-------- Source data --------
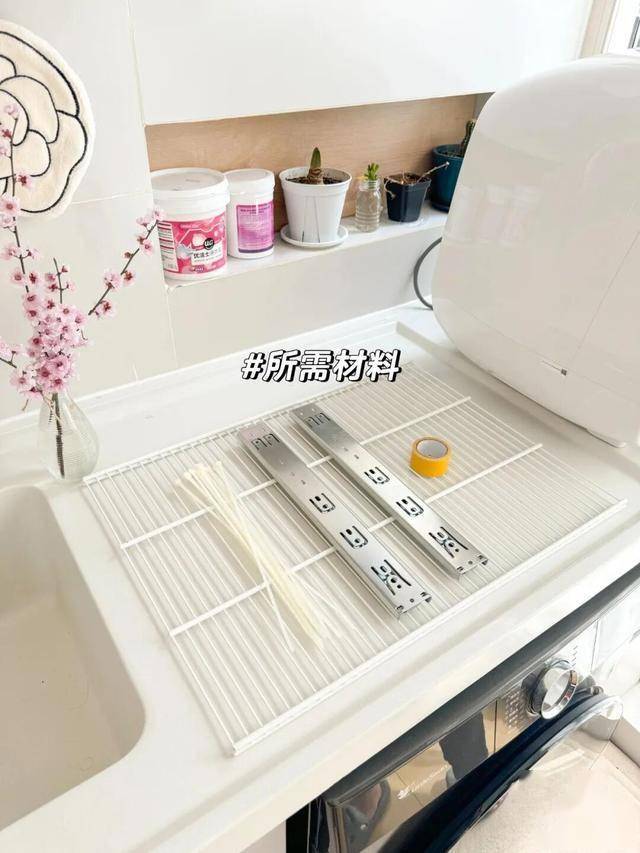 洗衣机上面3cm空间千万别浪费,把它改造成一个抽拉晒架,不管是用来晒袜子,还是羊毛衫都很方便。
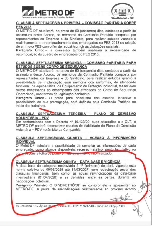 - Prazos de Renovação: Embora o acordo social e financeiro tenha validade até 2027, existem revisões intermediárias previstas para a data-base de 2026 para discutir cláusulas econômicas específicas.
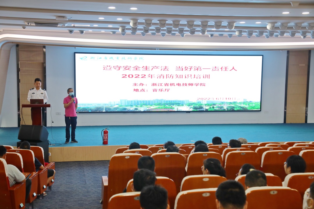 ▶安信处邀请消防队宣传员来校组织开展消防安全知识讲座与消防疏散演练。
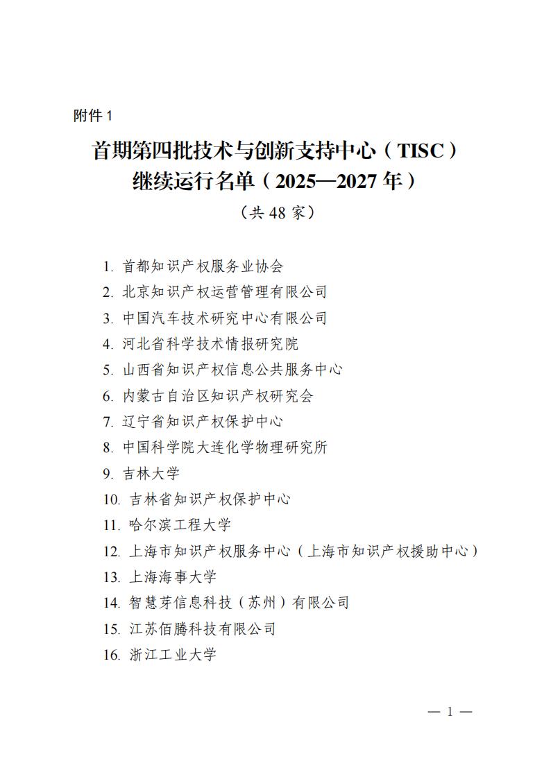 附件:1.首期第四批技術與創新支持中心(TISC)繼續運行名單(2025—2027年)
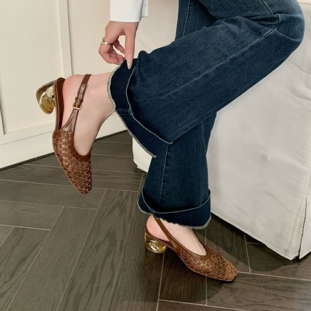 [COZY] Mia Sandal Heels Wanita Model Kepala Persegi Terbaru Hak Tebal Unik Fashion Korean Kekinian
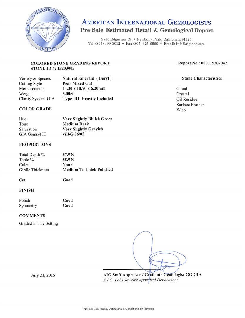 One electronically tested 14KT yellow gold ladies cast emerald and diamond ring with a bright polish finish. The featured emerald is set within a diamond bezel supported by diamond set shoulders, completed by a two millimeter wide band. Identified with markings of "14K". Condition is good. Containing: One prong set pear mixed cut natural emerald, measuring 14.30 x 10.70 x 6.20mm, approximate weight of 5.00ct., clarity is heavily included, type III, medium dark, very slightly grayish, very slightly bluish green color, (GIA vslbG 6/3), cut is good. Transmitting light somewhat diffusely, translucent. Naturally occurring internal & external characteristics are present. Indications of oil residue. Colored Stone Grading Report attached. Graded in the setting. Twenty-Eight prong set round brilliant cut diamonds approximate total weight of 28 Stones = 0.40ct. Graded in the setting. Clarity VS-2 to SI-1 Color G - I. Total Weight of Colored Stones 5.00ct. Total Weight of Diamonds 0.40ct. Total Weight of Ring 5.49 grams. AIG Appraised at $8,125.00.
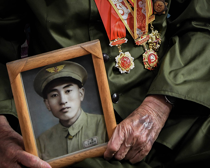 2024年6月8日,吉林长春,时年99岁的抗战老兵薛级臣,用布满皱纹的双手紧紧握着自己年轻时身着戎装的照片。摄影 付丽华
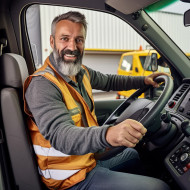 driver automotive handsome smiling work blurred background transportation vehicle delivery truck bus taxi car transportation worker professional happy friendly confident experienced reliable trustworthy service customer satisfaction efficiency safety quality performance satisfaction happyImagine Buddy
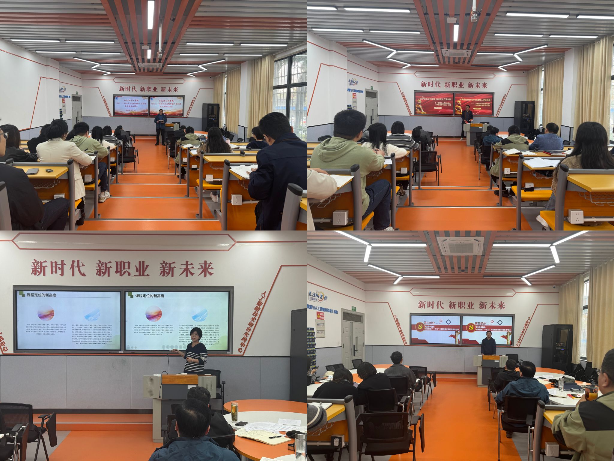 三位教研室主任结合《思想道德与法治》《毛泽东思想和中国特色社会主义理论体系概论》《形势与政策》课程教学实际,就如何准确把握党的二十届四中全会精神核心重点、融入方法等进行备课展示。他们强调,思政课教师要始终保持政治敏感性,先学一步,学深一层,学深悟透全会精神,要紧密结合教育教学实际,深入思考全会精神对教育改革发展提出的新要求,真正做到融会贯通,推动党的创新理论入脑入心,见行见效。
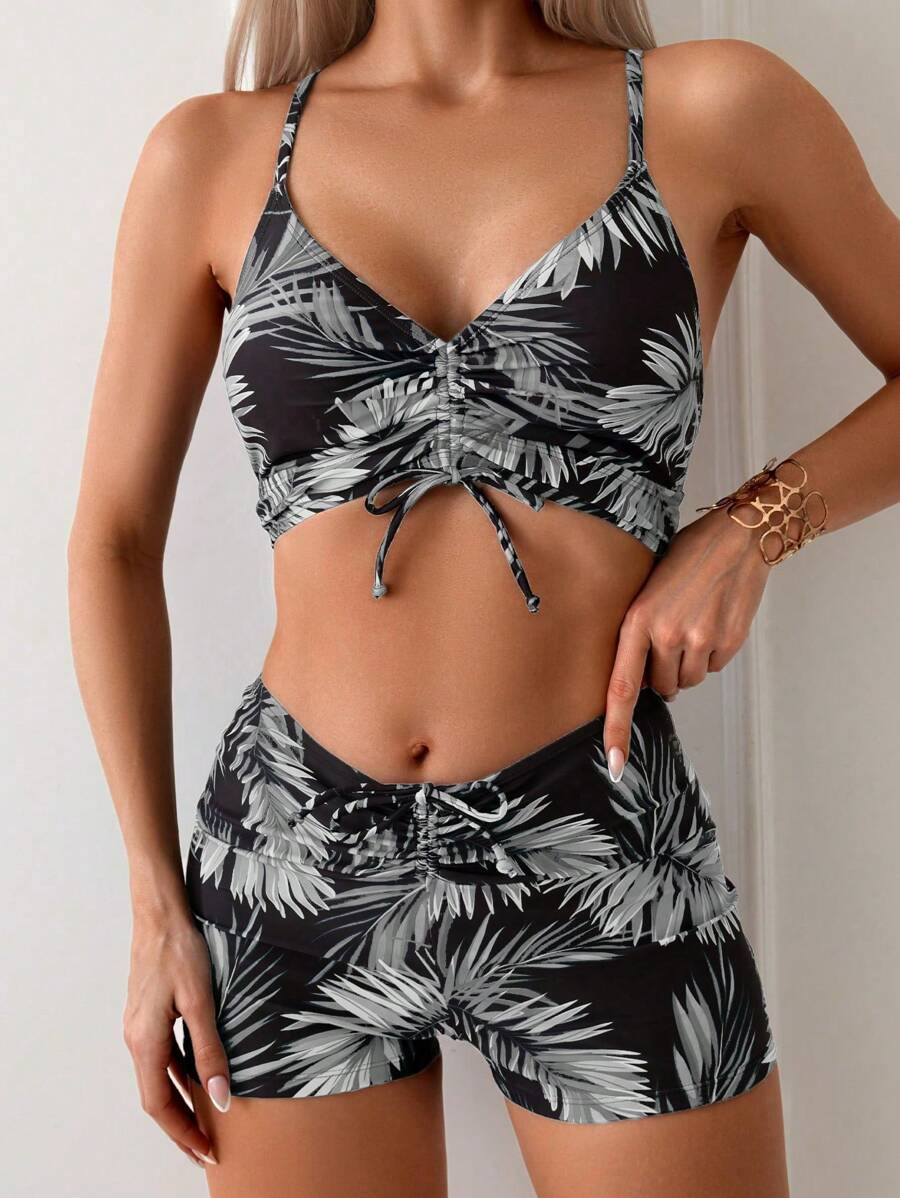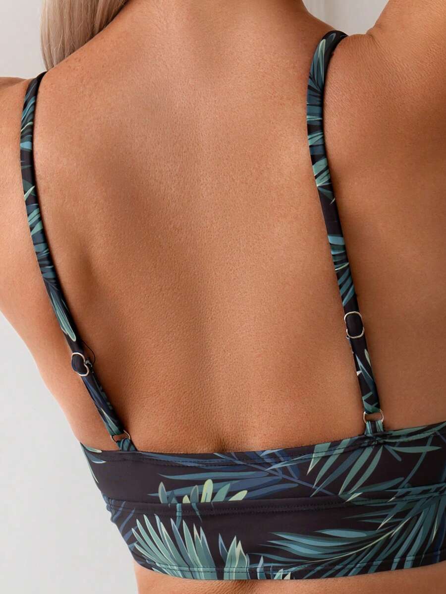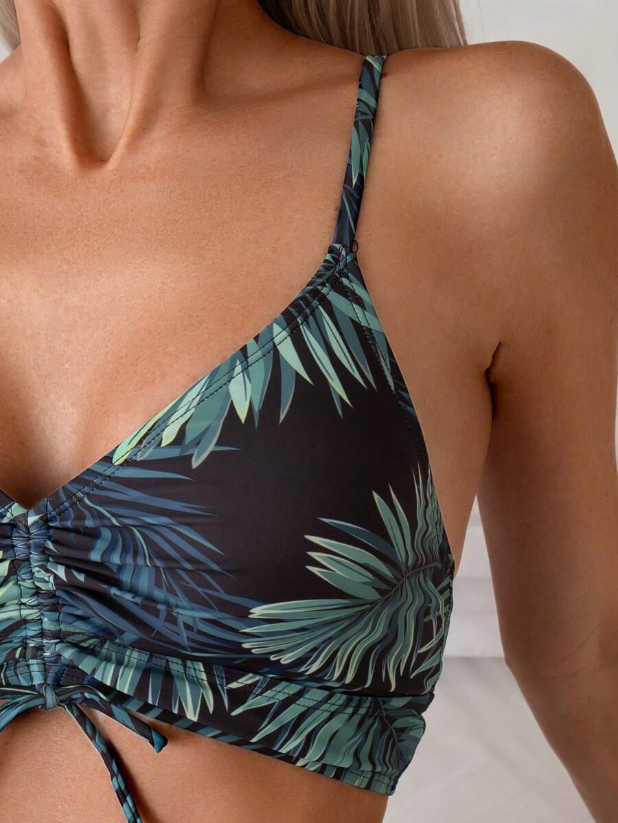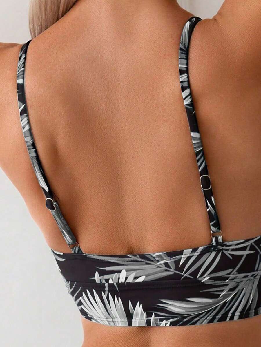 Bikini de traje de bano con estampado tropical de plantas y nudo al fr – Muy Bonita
--------
Without any pictures, retype the records above exactly.

> [Answer]
 洗衣机上面3cm空间千万别浪费,把它改造成一个抽拉晒架,不管是用来晒袜子,还是羊毛衫都很方便。
 - Prazos de Renovação: Embora o acordo social e financeiro tenha validade até 2027, existem revisões intermediárias previstas para a data-base de 2026 para discutir cláusulas econômicas específicas.
 ▶安信处邀请消防队宣传员来校组织开展消防安全知识讲座与消防疏散演练。
 附件:1.首期第四批技術與創新支持中心(TISC)繼續運行名單(2025—2027年)
 [COZY] Mia Sandal Heels Wanita Model Kepala Persegi Terbaru Hak Tebal Unik Fashion Korean Kekinian
 One electronically tested 14KT yellow gold ladies cast emerald and diamond ring with a bright polish finish. The featured emerald is set within a diamond bezel supported by diamond set shoulders, completed by a two millimeter wide band. Identified with markings of "14K". Condition is good. Containing: One prong set pear mixed cut natural emerald, measuring 14.30 x 10.70 x 6.20mm, approximate weight of 5.00ct., clarity is heavily included, type III, medium dark, very slightly grayish, very slightly bluish green color, (GIA vslbG 6/3), cut is good. Transmitting light somewhat diffusely, translucent. Naturally occurring internal & external characteristics are present. Indications of oil residue. Colored Stone Grading Report attached. Graded in the setting. Twenty-Eight prong set round brilliant cut diamonds approximate total weight of 28 Stones = 0.40ct. Graded in the setting. Clarity VS-2 to SI-1 Color G - I. Total Weight of Colored Stones 5.00ct. Total Weight of Diamonds 0.40ct. Total Weight of Ring 5.49 grams. AIG Appraised at $8,125.00.
 2024年6月8日,吉林长春,时年99岁的抗战老兵薛级臣,用布满皱纹的双手紧紧握着自己年轻时身着戎装的照片。摄影 付丽华
 driver automotive handsome smiling work blurred background transportation vehicle delivery truck bus taxi car transportation worker professional happy friendly confident experienced reliable trustworthy service customer satisfaction efficiency safety quality performance satisfaction happyImagine Buddy
 三位教研室主任结合《思想道德与法治》《毛泽东思想和中国特色社会主义理论体系概论》《形势与政策》课程教学实际,就如何准确把握党的二十届四中全会精神核心重点、融入方法等进行备课展示。他们强调,思政课教师要始终保持政治敏感性,先学一步,学深一层,学深悟透全会精神,要紧密结合教育教学实际,深入思考全会精神对教育改革发展提出的新要求,真正做到融会贯通,推动党的创新理论入脑入心,见行见效。
 Bikini de traje de bano con estampado tropical de plantas y nudo al fr – Muy Bonita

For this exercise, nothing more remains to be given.